Material shown:
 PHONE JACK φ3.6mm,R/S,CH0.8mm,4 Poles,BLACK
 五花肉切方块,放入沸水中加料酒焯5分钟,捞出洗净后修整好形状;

--

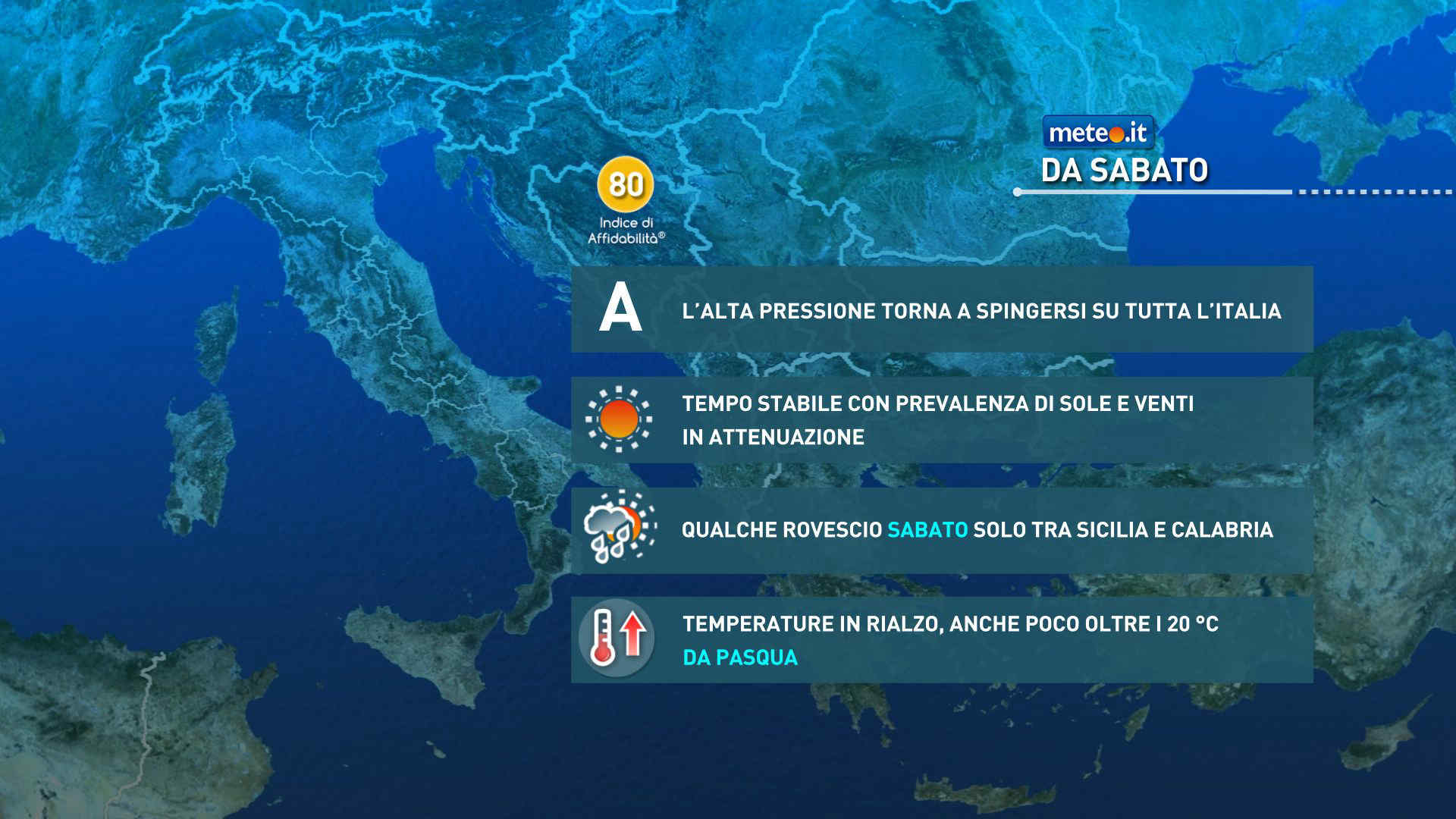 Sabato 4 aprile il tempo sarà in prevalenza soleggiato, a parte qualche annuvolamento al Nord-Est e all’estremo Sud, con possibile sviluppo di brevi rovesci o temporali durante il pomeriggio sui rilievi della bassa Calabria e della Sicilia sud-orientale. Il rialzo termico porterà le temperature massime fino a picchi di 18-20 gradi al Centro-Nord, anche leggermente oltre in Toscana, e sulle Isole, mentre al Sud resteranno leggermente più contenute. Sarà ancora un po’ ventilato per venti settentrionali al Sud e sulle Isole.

* * *

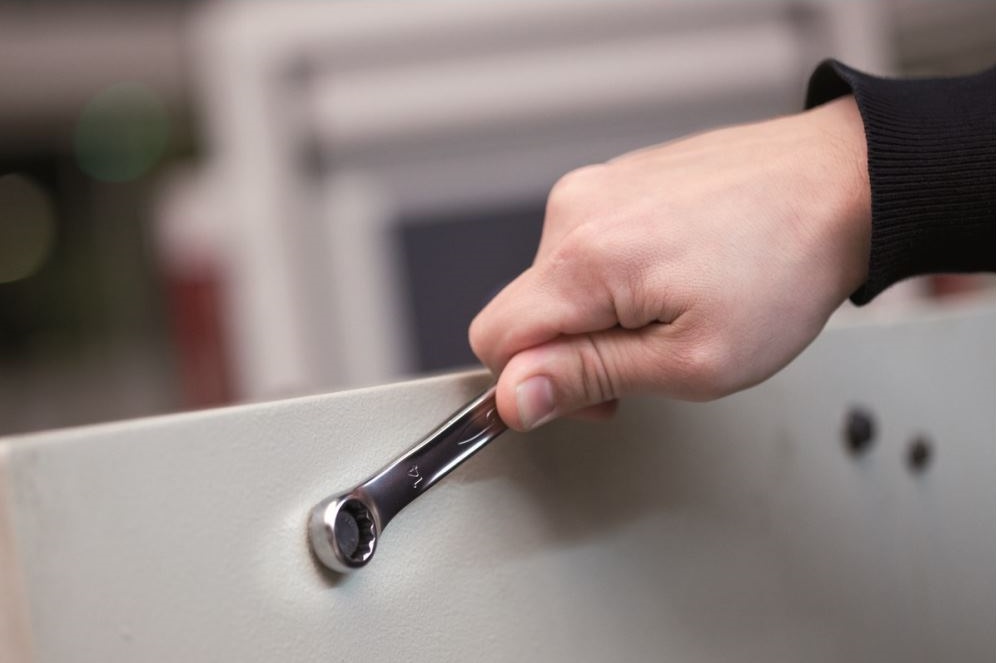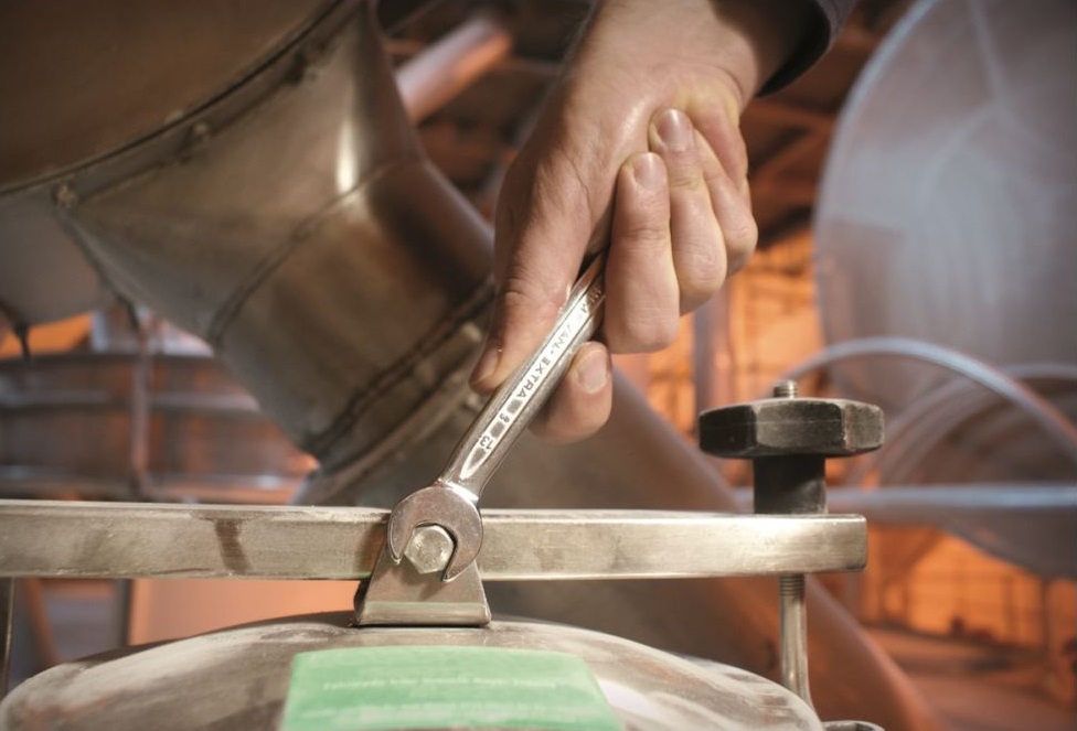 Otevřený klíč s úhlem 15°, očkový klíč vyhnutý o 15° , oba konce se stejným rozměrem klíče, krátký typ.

Exercise brief: All lines above from the one with "PHONE JACK φ3.6mm,R/S,CH0.8mm,4 Poles,BLACK" to the one with "五花肉切方块,放入沸水中加料酒焯5分钟,捞出洗净后修整好形状;", inclusive, should be copied exactly, and no other lines.

Result of the exercise:
 PHONE JACK φ3.6mm,R/S,CH0.8mm,4 Poles,BLACK
 五花肉切方块,放入沸水中加料酒焯5分钟,捞出洗净后修整好形状;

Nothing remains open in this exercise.